2008 Dickies 500
- Simple line diagram of Texas Motor Speedway track layout
- Date: November 2, 2008
- Official name: Samsung Mobile 500
- Location: Texas Motor Speedway in Fort Worth, Texas
- Course: Permanent racing facility
- Course length: 1.5 miles (2.4 km)
- Distance: 334 laps, 501 mi (806.3 km)
- Weather: Temperatures reaching up to 84.9 °F (29.4 °C); wind speeds up to 15 miles per hour (24 km/h)

Pole position
- Driver: Jeff Gordon; / Hendrick Motorsports
- Time: 28.652

Most laps led
- Driver: Carl Edwards / Roush Fenway Racing
- Laps: 212

Winner
- No. 99: Carl Edwards / Roush Fenway Racing

Television in the United States
- Network: ABC

= 2008 Dickies 500 =

The 2008 Dickies 500 was a NASCAR Cup Series motor race held on November 2, 2008, at Texas Motor Speedway in Fort Worth, Texas. Contested over 334 laps on the 1.5-mile (2.4 km) asphalt quad-oval, it was the 34th race of the 2008 Sprint Cup Series season. The race was won by Carl Edwards for the Roush Fenway Racing team. Jeff Gordon finished second, and Jamie McMurray clinched third.

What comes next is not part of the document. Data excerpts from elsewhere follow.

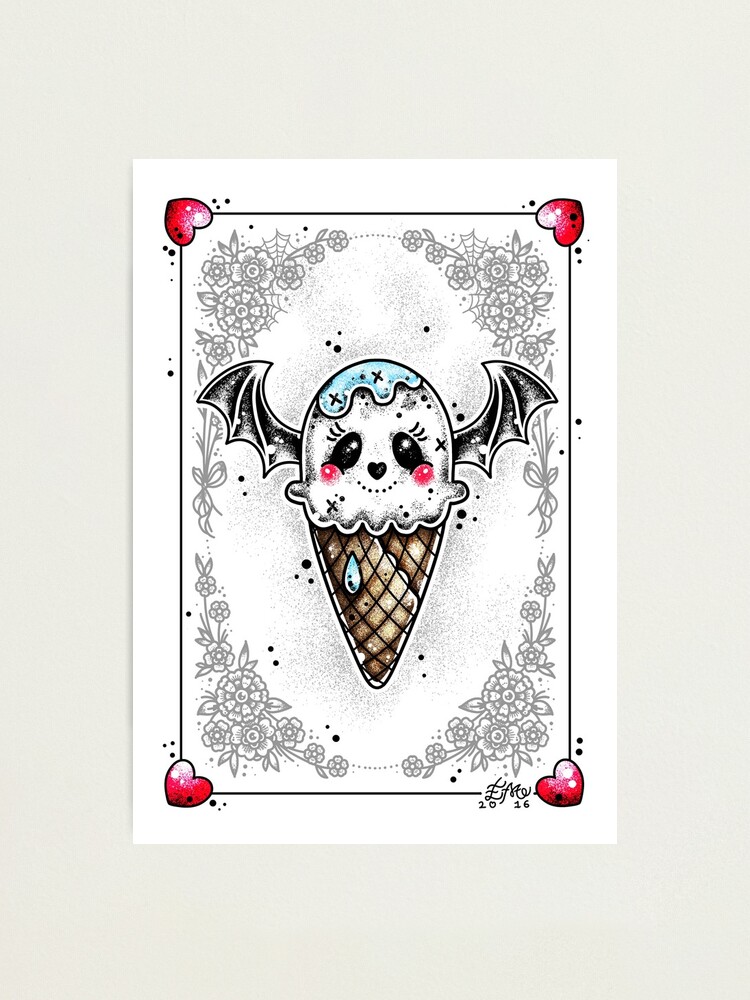 Ghost Bat Ice Scream Cone Cute Traditional Tattoo Flash Photographic Print For Sale By Ellamobbs Redbubble
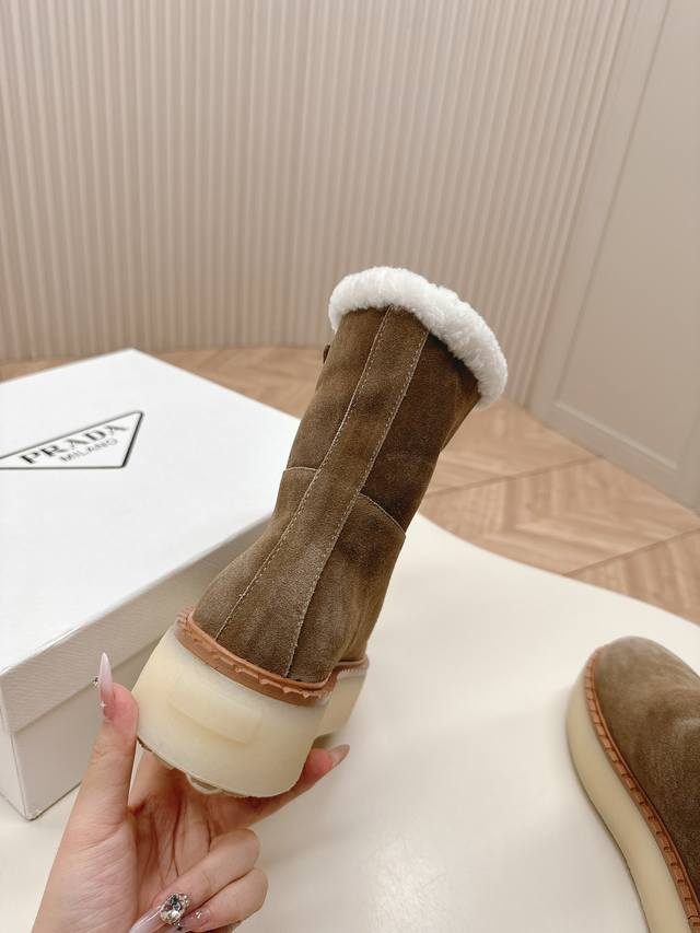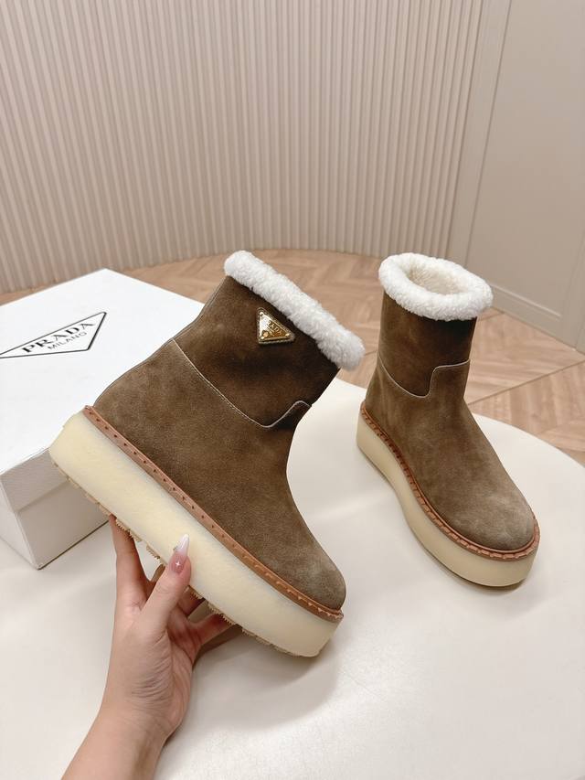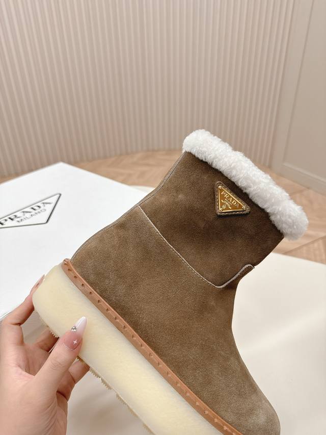 / 市面最高版本 Prada 普拉达24秋冬新款△三角标羊毛鞋,厚底靴 雪地靴 双色擦色牛绒真羊羔毛 真皮沿条 双色tpu大底 材质细节可对比原版,市面普通版本区分
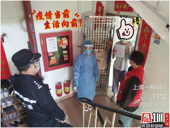 连日来,但凡接到湖北返深人员的反馈信息,“社区三人小组”都会即刻行动,到返深人员家中核查信息,给每一位返深人员测量体温、了解健康情况,落实居家隔离政策。由于穿着防护服、戴着护目镜,不少小区还需要攀爬楼梯,每一次核查完后,全副武装下的吴琼兰满头大汗,护目镜里也全是水雾。在做好本职工作的同时,吴琼兰还时刻关注着社区工作人员的自身保护,每天对社区玻璃门把手进行擦拭、消毒,给每一个外出回来的工作人员喷拭酒精,督促各防控点的工作人员戴好手套测体温。
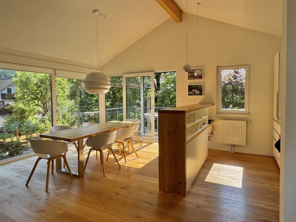 Die lichtdurchflutete obere Etage ist das Herzstück des Hauses. Hier vereinen sich Wohnbereich, Essplatz und Küche zu einem offenen Lebensraum, der durch große Fenster den Blick auf den Kofel (Hausberg von Oberammergau) und ein Bergpanorama freigibt. Natürliche Materialien, klare Linien und viel Tageslicht schaffen eine warme, moderne Wohnatmosphäre.

This race marked the debut of 2012 Champion Brad Keselowski.

==Qualifying==
Jeff Gordon won the pole position, with Martin Truex Jr. joining him on the front row.

This was the Sprint Cup Debut of Brad Keselowski and the return of the No. 25 car from Hendrick Motorsports. It was third qualifying attempt and first race start for Joey Logano.

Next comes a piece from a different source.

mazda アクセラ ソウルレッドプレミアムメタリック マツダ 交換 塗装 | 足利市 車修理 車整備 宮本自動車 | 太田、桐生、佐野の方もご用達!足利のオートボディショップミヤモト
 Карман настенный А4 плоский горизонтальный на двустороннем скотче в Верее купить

Failed to qualify: Tony Raines (#70), Bryan Clauson (#40), Chad McCumbee (#45), Max Papis (#13), Johnny Sauter (#08).

==Recap==
Carl Edwards used fuel mileage to sweep the season series at TMS. Points leader Jimmie Johnson finished one lap down in 15th place, but still led Edwards by 106 points.